[Work to complete]:
Please reproduce the entries below exactly, omitting any images they contain.

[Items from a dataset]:

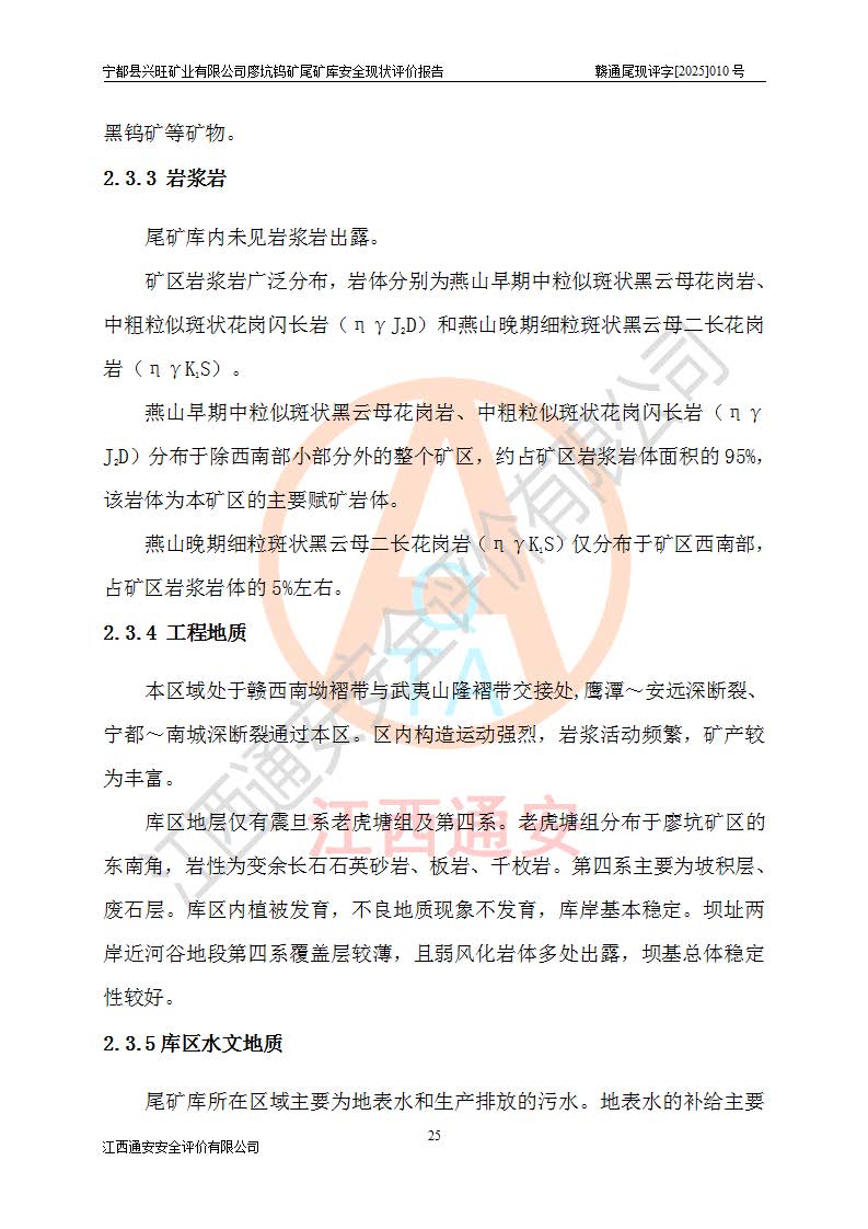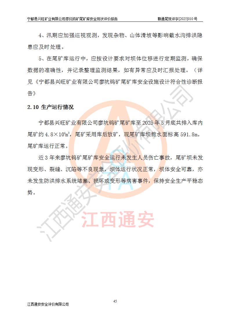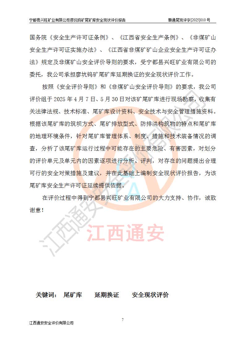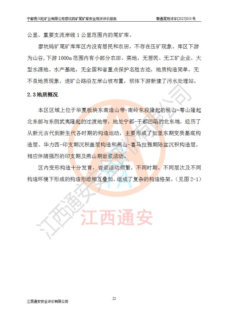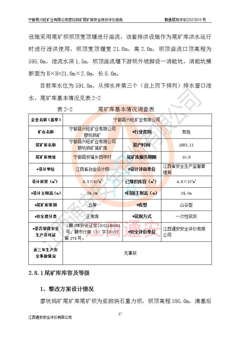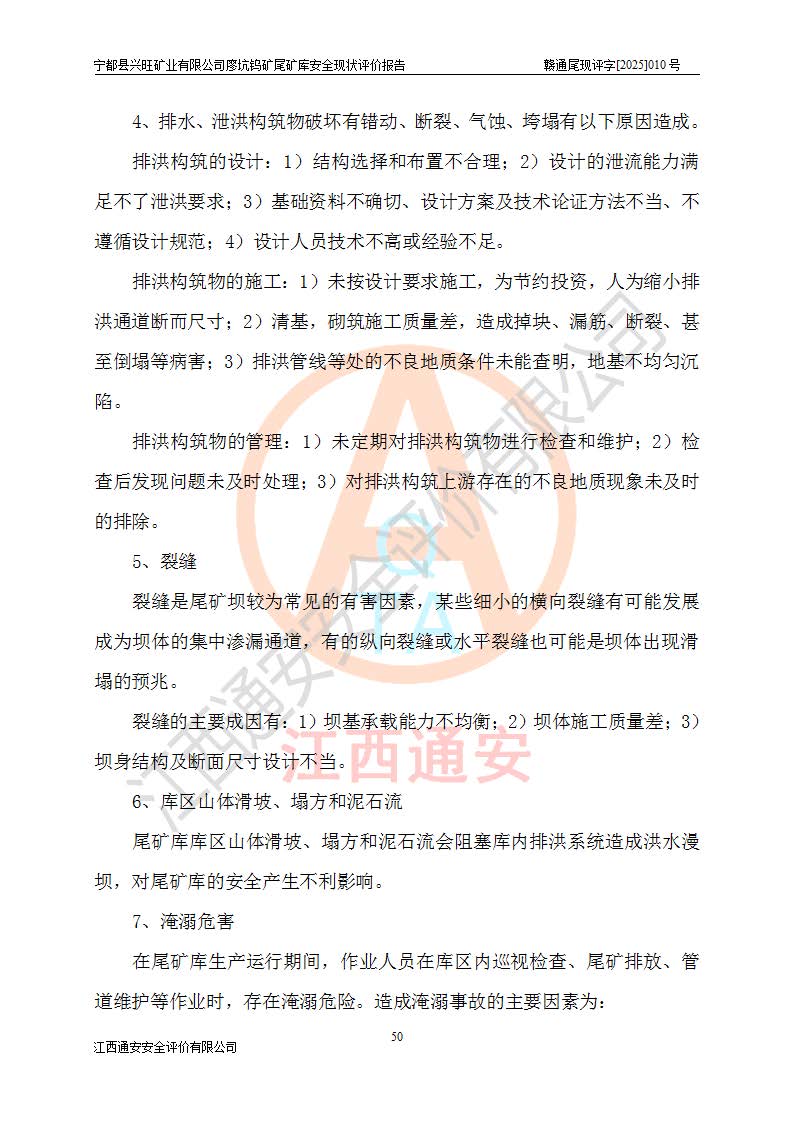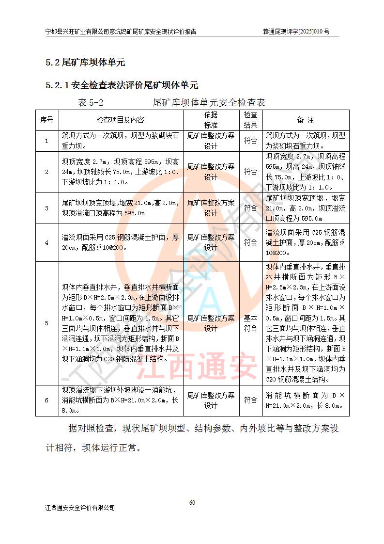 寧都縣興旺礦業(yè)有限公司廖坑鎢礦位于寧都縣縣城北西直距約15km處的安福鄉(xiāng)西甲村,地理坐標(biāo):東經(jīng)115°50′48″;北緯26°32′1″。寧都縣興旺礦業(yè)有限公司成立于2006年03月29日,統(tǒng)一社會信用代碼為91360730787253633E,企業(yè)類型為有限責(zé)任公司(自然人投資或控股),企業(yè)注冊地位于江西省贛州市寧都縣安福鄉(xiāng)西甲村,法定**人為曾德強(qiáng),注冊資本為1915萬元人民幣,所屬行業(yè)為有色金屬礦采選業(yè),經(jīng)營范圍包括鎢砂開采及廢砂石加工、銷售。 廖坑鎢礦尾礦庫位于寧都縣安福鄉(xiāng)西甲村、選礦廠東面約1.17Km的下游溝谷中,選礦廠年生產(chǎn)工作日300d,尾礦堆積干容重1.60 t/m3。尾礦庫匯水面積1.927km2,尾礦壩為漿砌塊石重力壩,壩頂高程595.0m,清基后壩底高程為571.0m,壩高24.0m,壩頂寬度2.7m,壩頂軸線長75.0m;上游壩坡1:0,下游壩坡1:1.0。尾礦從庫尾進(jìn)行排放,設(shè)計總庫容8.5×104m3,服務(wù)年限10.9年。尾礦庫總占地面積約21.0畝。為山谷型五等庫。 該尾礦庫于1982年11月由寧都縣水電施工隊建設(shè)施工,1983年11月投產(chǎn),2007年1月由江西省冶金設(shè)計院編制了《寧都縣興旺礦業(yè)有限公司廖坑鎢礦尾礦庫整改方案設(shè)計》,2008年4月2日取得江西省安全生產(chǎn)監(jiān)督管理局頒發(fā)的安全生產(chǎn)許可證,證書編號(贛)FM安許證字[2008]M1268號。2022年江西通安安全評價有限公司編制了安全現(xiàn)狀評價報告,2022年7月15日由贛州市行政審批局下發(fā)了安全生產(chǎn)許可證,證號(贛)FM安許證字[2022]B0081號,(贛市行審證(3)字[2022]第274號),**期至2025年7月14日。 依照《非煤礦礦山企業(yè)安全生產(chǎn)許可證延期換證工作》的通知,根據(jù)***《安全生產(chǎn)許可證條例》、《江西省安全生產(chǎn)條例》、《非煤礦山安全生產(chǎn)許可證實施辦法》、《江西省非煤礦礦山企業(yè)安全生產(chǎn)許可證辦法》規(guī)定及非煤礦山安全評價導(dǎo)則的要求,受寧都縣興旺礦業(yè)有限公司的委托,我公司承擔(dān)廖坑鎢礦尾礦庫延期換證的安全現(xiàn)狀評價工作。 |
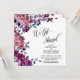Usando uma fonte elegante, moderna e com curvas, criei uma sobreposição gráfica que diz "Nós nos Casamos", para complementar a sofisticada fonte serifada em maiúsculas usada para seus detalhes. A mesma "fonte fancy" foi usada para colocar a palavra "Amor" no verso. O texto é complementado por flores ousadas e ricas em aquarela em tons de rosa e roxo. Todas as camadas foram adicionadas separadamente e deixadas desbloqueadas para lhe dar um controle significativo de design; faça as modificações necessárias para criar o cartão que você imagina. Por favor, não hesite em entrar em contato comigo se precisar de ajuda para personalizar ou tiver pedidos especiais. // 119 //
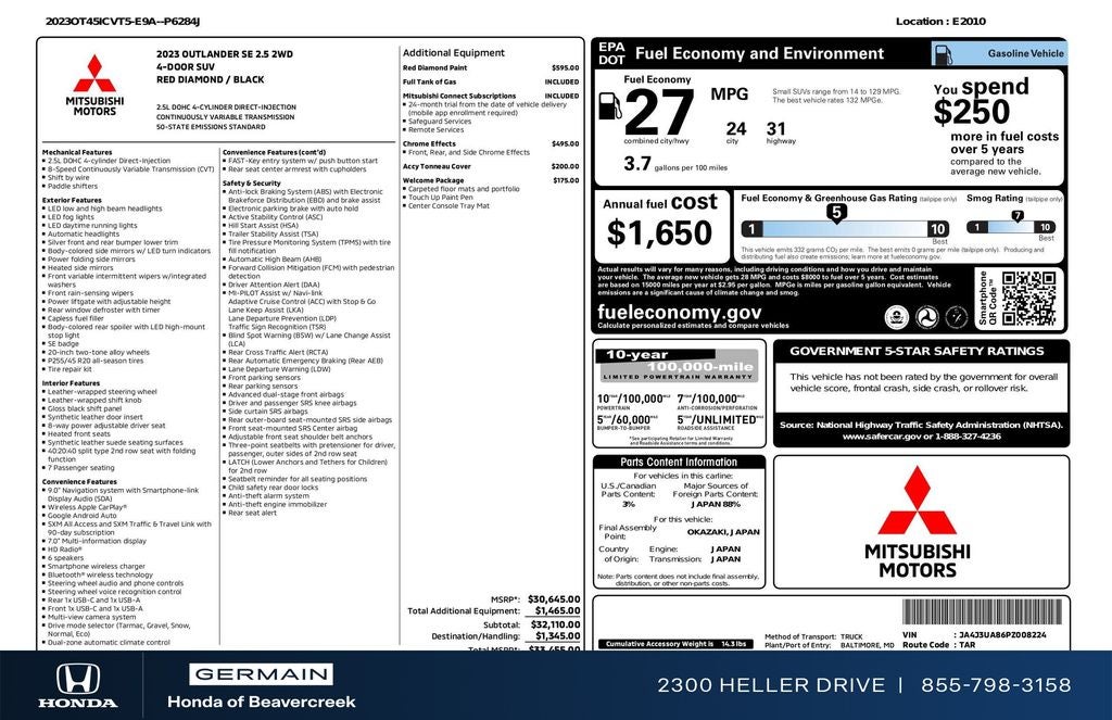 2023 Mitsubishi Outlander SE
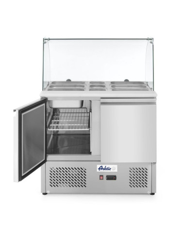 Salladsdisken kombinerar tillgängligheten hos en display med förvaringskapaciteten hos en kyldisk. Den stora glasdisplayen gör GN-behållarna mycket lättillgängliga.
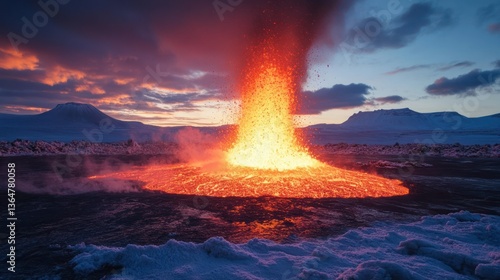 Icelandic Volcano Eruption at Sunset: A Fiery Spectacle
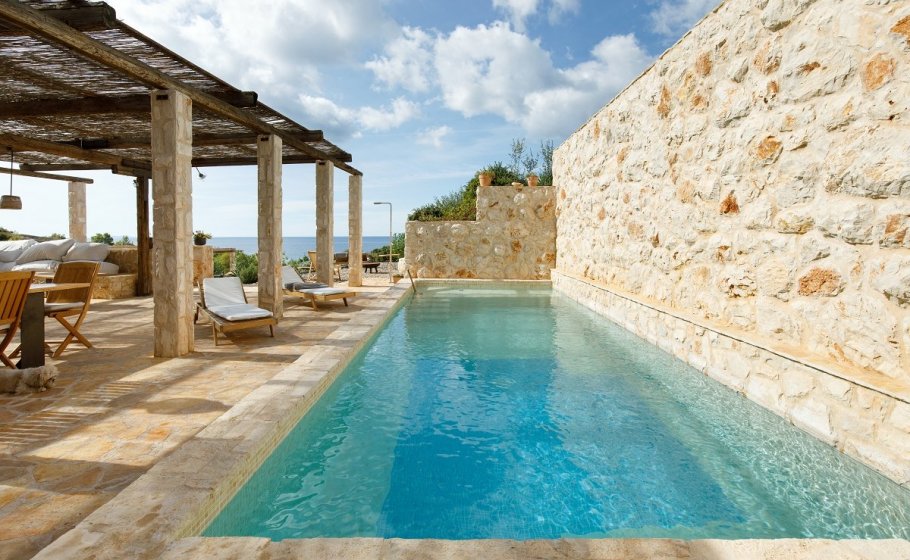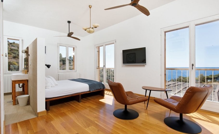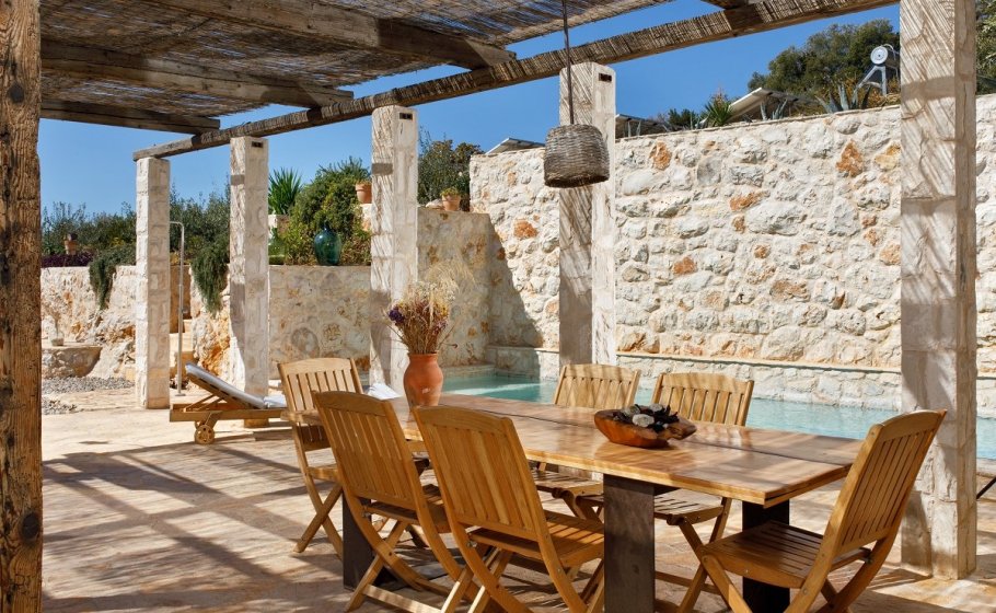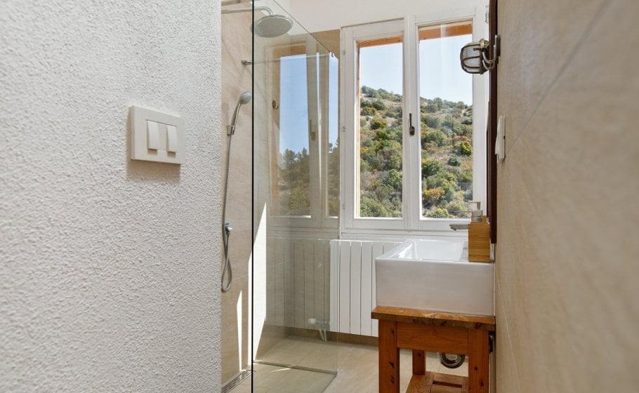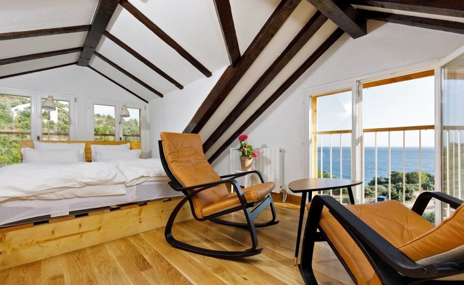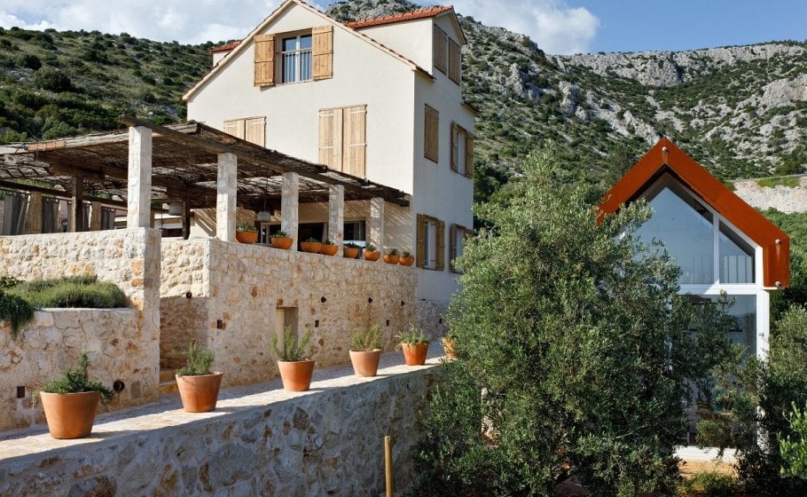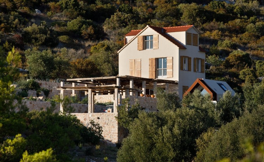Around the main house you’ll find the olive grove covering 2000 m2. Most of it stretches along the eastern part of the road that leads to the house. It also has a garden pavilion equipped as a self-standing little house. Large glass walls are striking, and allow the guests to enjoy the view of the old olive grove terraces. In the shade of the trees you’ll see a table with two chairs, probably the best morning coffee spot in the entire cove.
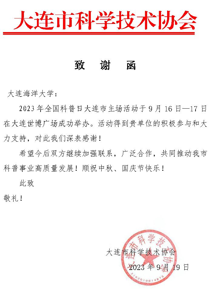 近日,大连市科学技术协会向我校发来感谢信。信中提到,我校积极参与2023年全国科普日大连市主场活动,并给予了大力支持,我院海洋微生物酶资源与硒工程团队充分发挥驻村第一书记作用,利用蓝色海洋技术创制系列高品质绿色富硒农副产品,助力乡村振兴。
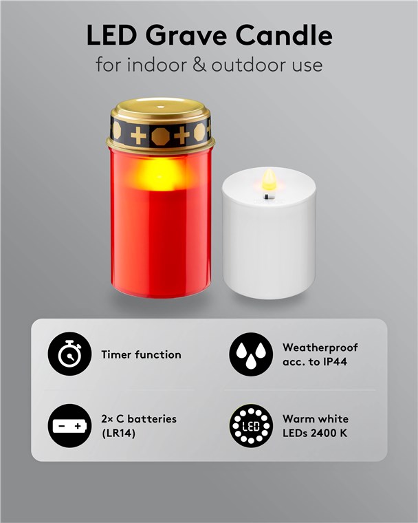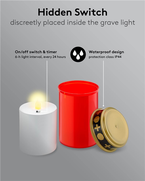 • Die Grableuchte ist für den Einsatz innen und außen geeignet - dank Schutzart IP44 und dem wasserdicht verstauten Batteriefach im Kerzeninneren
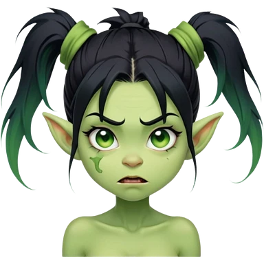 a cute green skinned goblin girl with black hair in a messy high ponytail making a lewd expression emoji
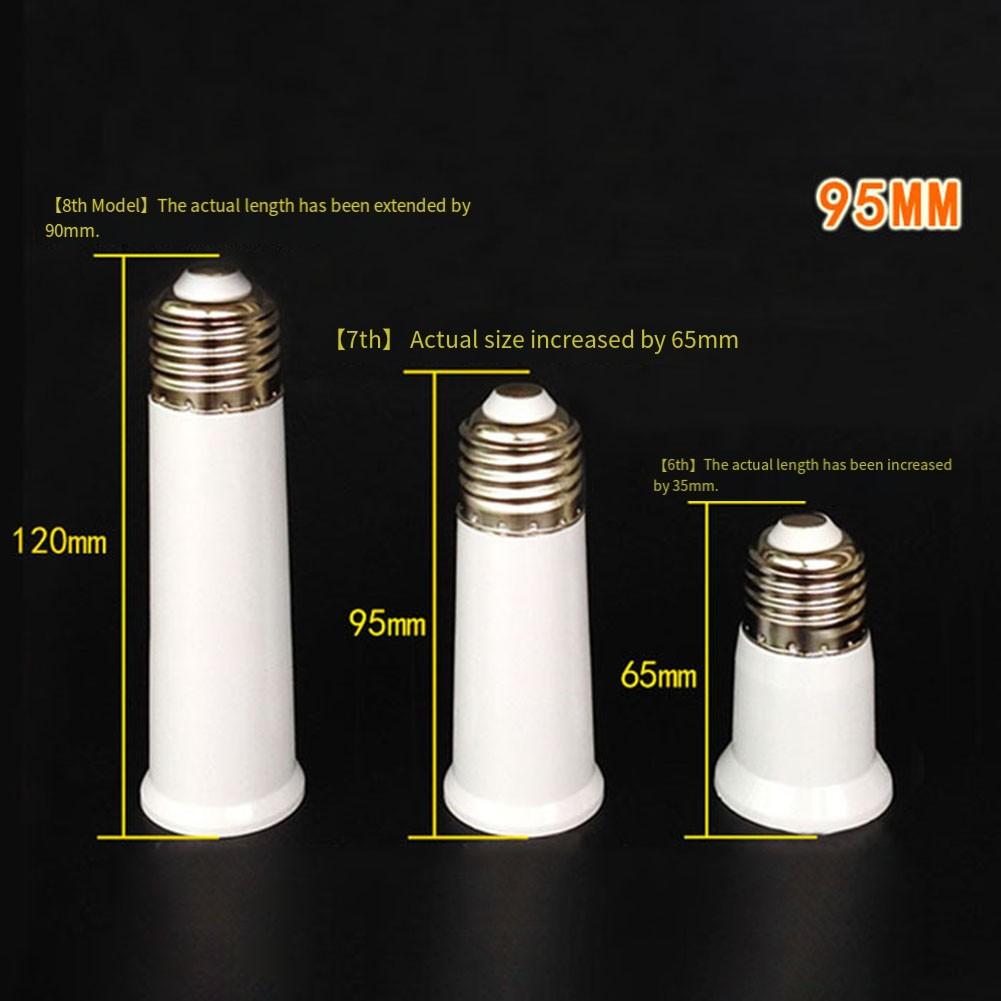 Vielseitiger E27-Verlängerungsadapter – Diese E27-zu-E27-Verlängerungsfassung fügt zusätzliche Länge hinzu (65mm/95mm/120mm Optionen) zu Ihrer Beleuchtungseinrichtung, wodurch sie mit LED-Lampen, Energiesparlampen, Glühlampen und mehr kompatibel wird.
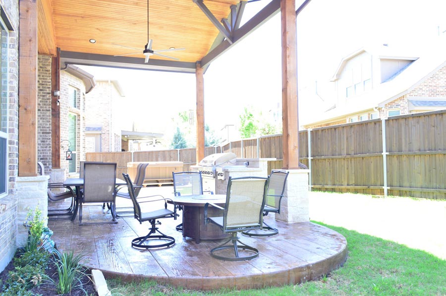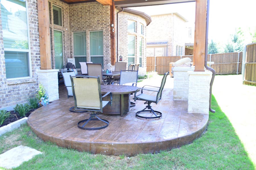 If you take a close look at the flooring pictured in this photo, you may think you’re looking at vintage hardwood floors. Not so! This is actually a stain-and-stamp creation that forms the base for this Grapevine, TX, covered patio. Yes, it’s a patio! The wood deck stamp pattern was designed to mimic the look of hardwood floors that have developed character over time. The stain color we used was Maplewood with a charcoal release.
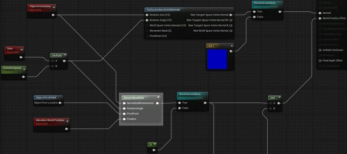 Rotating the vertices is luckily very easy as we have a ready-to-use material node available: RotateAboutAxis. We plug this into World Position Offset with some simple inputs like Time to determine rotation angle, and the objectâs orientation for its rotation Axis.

[Answer]:
 寧都縣興旺礦業(yè)有限公司廖坑鎢礦位于寧都縣縣城北西直距約15km處的安福鄉(xiāng)西甲村,地理坐標(biāo):東經(jīng)115°50′48″;北緯26°32′1″。寧都縣興旺礦業(yè)有限公司成立于2006年03月29日,統(tǒng)一社會信用代碼為91360730787253633E,企業(yè)類型為有限責(zé)任公司(自然人投資或控股),企業(yè)注冊地位于江西省贛州市寧都縣安福鄉(xiāng)西甲村,法定**人為曾德強(qiáng),注冊資本為1915萬元人民幣,所屬行業(yè)為有色金屬礦采選業(yè),經(jīng)營范圍包括鎢砂開采及廢砂石加工、銷售。 廖坑鎢礦尾礦庫位于寧都縣安福鄉(xiāng)西甲村、選礦廠東面約1.17Km的下游溝谷中,選礦廠年生產(chǎn)工作日300d,尾礦堆積干容重1.60 t/m3。尾礦庫匯水面積1.927km2,尾礦壩為漿砌塊石重力壩,壩頂高程595.0m,清基后壩底高程為571.0m,壩高24.0m,壩頂寬度2.7m,壩頂軸線長75.0m;上游壩坡1:0,下游壩坡1:1.0。尾礦從庫尾進(jìn)行排放,設(shè)計總庫容8.5×104m3,服務(wù)年限10.9年。尾礦庫總占地面積約21.0畝。為山谷型五等庫。 該尾礦庫于1982年11月由寧都縣水電施工隊建設(shè)施工,1983年11月投產(chǎn),2007年1月由江西省冶金設(shè)計院編制了《寧都縣興旺礦業(yè)有限公司廖坑鎢礦尾礦庫整改方案設(shè)計》,2008年4月2日取得江西省安全生產(chǎn)監(jiān)督管理局頒發(fā)的安全生產(chǎn)許可證,證書編號(贛)FM安許證字[2008]M1268號。2022年江西通安安全評價有限公司編制了安全現(xiàn)狀評價報告,2022年7月15日由贛州市行政審批局下發(fā)了安全生產(chǎn)許可證,證號(贛)FM安許證字[2022]B0081號,(贛市行審證(3)字[2022]第274號),**期至2025年7月14日。 依照《非煤礦礦山企業(yè)安全生產(chǎn)許可證延期換證工作》的通知,根據(jù)***《安全生產(chǎn)許可證條例》、《江西省安全生產(chǎn)條例》、《非煤礦山安全生產(chǎn)許可證實施辦法》、《江西省非煤礦礦山企業(yè)安全生產(chǎn)許可證辦法》規(guī)定及非煤礦山安全評價導(dǎo)則的要求,受寧都縣興旺礦業(yè)有限公司的委托,我公司承擔(dān)廖坑鎢礦尾礦庫延期換證的安全現(xiàn)狀評價工作。 |
Usando uma fonte elegante, moderna e com curvas, criei uma sobreposição gráfica que diz "Nós nos Casamos", para complementar a sofisticada fonte serifada em maiúsculas usada para seus detalhes. A mesma "fonte fancy" foi usada para colocar a palavra "Amor" no verso. O texto é complementado por flores ousadas e ricas em aquarela em tons de rosa e roxo. Todas as camadas foram adicionadas separadamente e deixadas desbloqueadas para lhe dar um controle significativo de design; faça as modificações necessárias para criar o cartão que você imagina. Por favor, não hesite em entrar em contato comigo se precisar de ajuda para personalizar ou tiver pedidos especiais. // 119 //
 2023 Mitsubishi Outlander SE
 Salladsdisken kombinerar tillgängligheten hos en display med förvaringskapaciteten hos en kyldisk. Den stora glasdisplayen gör GN-behållarna mycket lättillgängliga.
 Icelandic Volcano Eruption at Sunset: A Fiery Spectacle
Around the main house you’ll find the olive grove covering 2000 m2. Most of it stretches along the eastern part of the road that leads to the house. It also has a garden pavilion equipped as a self-standing little house. Large glass walls are striking, and allow the guests to enjoy the view of the old olive grove terraces. In the shade of the trees you’ll see a table with two chairs, probably the best morning coffee spot in the entire cove.
 近日,大连市科学技术协会向我校发来感谢信。信中提到,我校积极参与2023年全国科普日大连市主场活动,并给予了大力支持,我院海洋微生物酶资源与硒工程团队充分发挥驻村第一书记作用,利用蓝色海洋技术创制系列高品质绿色富硒农副产品,助力乡村振兴。
 • Die Grableuchte ist für den Einsatz innen und außen geeignet - dank Schutzart IP44 und dem wasserdicht verstauten Batteriefach im Kerzeninneren
 a cute green skinned goblin girl with black hair in a messy high ponytail making a lewd expression emoji
 Vielseitiger E27-Verlängerungsadapter – Diese E27-zu-E27-Verlängerungsfassung fügt zusätzliche Länge hinzu (65mm/95mm/120mm Optionen) zu Ihrer Beleuchtungseinrichtung, wodurch sie mit LED-Lampen, Energiesparlampen, Glühlampen und mehr kompatibel wird.
 If you take a close look at the flooring pictured in this photo, you may think you’re looking at vintage hardwood floors. Not so! This is actually a stain-and-stamp creation that forms the base for this Grapevine, TX, covered patio. Yes, it’s a patio! The wood deck stamp pattern was designed to mimic the look of hardwood floors that have developed character over time. The stain color we used was Maplewood with a charcoal release.
 Rotating the vertices is luckily very easy as we have a ready-to-use material node available: RotateAboutAxis. We plug this into World Position Offset with some simple inputs like Time to determine rotation angle, and the objectâs orientation for its rotation Axis.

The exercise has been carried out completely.